Clôture de Wall Street : en forte hausse après une bonne surprise sur l'emploi US
Clôture de Wall Street : en forte hausse après une bonne surprise sur l'emploi US
Crédit photo © Reuters

(Boursier.com) — La Bourse de New York a fini la semaine en hausse, vendredi, saluant la publication de créations d'emplois nettement supérieures aux attentes en novembre aux Etats-Unis, assortie d'une nette amélioration du moral des ménages en décembre. Des chiffres qui ont rassuré sur la santé économique des Etats-Unis. Par ailleurs, Donald Trump a répété que les négociations commerciales entre Américains et Chinois avançaient bien, ce qui a entretenu les espoirs d'un accord. Le pétrole a progressé, alors que les pays de l'Opep+ se sont accordés pour réduire davantage leur production en 2020.

A la clôture, l'indice Dow Jones a gagné 1,22% à 28.015 points, tandis que l'indice large S&P 500 a grimpé de 0,91% à 3.145 pts et que le Nasdaq Composite, riche en valeurs technologiques, s'est apprécié de 1% à 8.656 pts.

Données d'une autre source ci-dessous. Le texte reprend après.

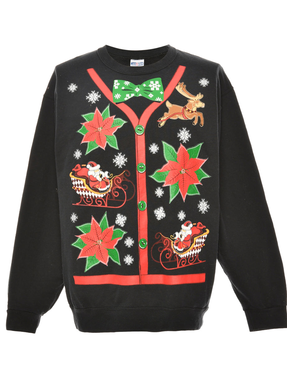 Santa Claus & Reindeer Black Christmas Sweatshirt - L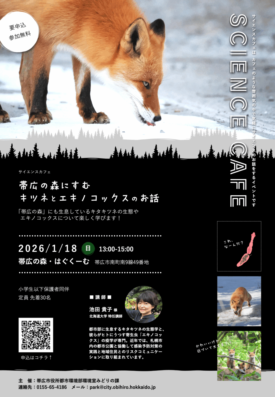 2026年1月18日、帯広の森・はぐくーむにてサイエンスカフェが開催され、スタッフの池田が登壇しました。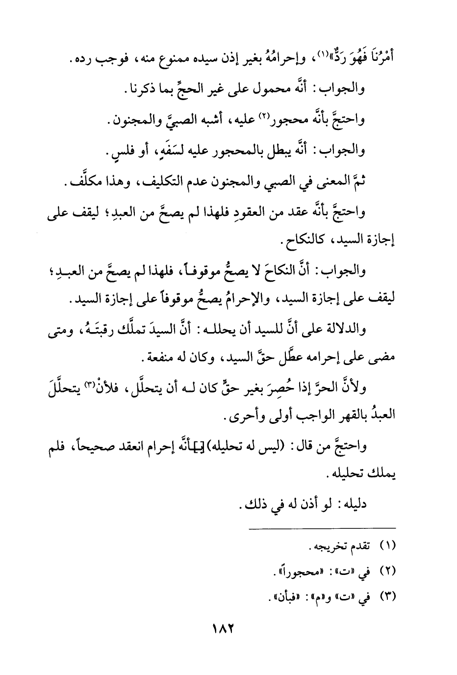 أمرنا فهو رد"، وإحرامه بغير إذن سيده ممنوع منه، فوجب رده.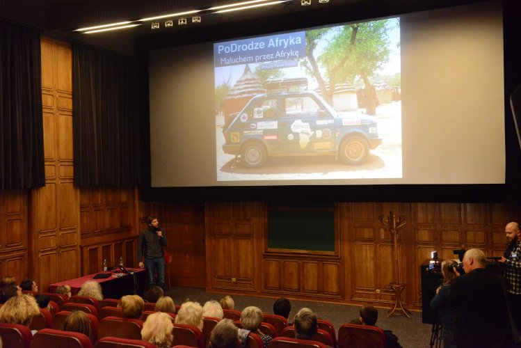 Arkady Paweł Fiedler, polski podróżnik, który przejechał przez Afrykę "Maluchem", był wczoraj gościem w pałacowym Kinie KADR i jako pierwszy otworzył cykl "Spotkań z podróżnikami". I choć dopiero co wrócił z wyprawy po Azji, gdzie przejechał tym samym pojazdem ponad 22 000 km, to podzielił się swoimi wspomnieniami z podróży po państwach afrykańskich – o kulturach, które poznał, o ciekawych miejscach i o tym co warto zobaczyć. Dzielił się nie tylko wspomnieniami, ale i obrazkami z podróży, przedstawiającymi niejednokrotnie widoki zapierające dech w piersiach. Jednak największym zaciekawieniem cieszyła się opowieść o "Maluchu", który robił furorę wszędzie, gdzie się pojawił. Całość spotkania zakończyła się gromkimi oklaskami, pytaniami do podróżnika oraz zbieraniem autografów. Kto wie, może przyjedzie jeszcze do nas opowiedzieć o swoich dalszych wyprawach małym, polskim Fiatem?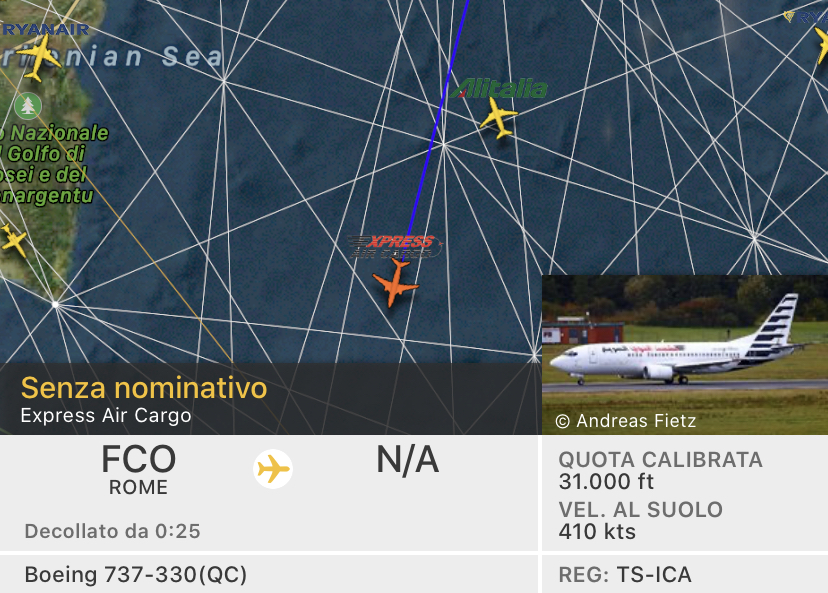 compagnie aeree Express Air Cargo a Roma Pubblicato da Italiavola il 30 novembre 2020 E’ decollato una mezzoretta fa da #Roma il B737/330QC dell compagnia aerea tunisina Express Air Cargo. Ha come destinazione #Tunisi. Condividi: Fai clic per condividere su Facebook (Si apre in una nuova finestra) Facebook Fai clic qui per condividere su LinkedIn (Si apre in una nuova finestra) LinkedIn Fai clic qui per condividere su Reddit (Si apre in una nuova finestra) Reddit Fai clic qui per condividere su Pinterest (Si apre in una nuova finestra) Pinterest Fai clic qui per condividere su Tumblr (Si apre in una nuova finestra) Tumblr Fai clic per condividere su X (Si apre in una nuova finestra) X Mi piace Caricamento... Correlati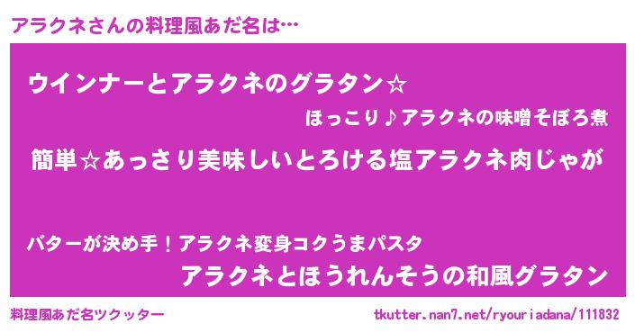 | ヘコむあだ名 | 『アラクネ(爆)』『なまこ酢』 |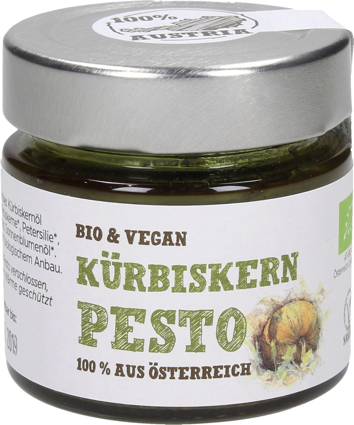 Deze pompoenpittenpesto komt van een klein familiebedrijf met een lange traditie. Het rijke aandeel van onze Stiermarkse pompoenpitolie BGA, de Stiermarkse pompoenpitten BGA en andere uitgelezen ingrediënten maken van onze pompoenpittenpesto een ware streling voor het gehemelte
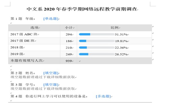三是心系学生,密切关注学生学习状态。为了密切关注、全面了解学生对于线上教学的态度、意见,在学校线上教学授课情况调查问卷的基础上,林玮老师与中文系李想等老师一同探讨,专门设计了全系学生对网络教学满意度调查问卷,并由各班班主任组织开展调查。问卷主要涵盖“学生如何看待网课” “学生如何看待任课教师的线上课堂表现”“学生如何看待自己的线上课堂表现”等问题。通过具体实在的调查数据,全面了解各年级学生对线上教学的期待、要求与评价……有助于更有针对性地组织、推进全系的教学工作。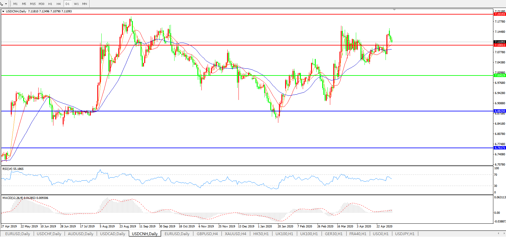 美元兑人民币USDCNH    日线图:

Grâce à ce "rally", les trois indices sont parvenus à effacer les pertes du début de la semaine, et finissent presque stables sur 5 séances (-0,1% pour le DJIA et le Nasdaq, +0,1% pour le S&P 500).

Un marché de l'emploi plus dynamique qu'attendu

Très attendus par les marchés, les chiffres de l'emploi en novembre outre-Atlantique sont donc ressortis plus solides que prévu. Le nombre de créations d'emplois a atteint 266.000 en novembre, contre 180.000 attendus par le consensus Refinitiv, et les chiffres de septembre et d'octobre ont en outre été revus en nette hausse (+41.000 sur les deux mois).

Le taux de chômage est, lui, retombé à 3,5% (-0,1 point) sous l'effet d'un taux de participation en légère baisse (-0,1 point à 63,2%). Ces bons chiffres sont en partie liés au retour au travail des salariés de General Motors, après leur grève historique de 40 jours, mais également à la solidité du secteur de la santé et des services. Quant aux salaires horaires, ils ont aussi augmenté plus vite que prévu, de 3,1% en novembre par rapport à novembre 2018.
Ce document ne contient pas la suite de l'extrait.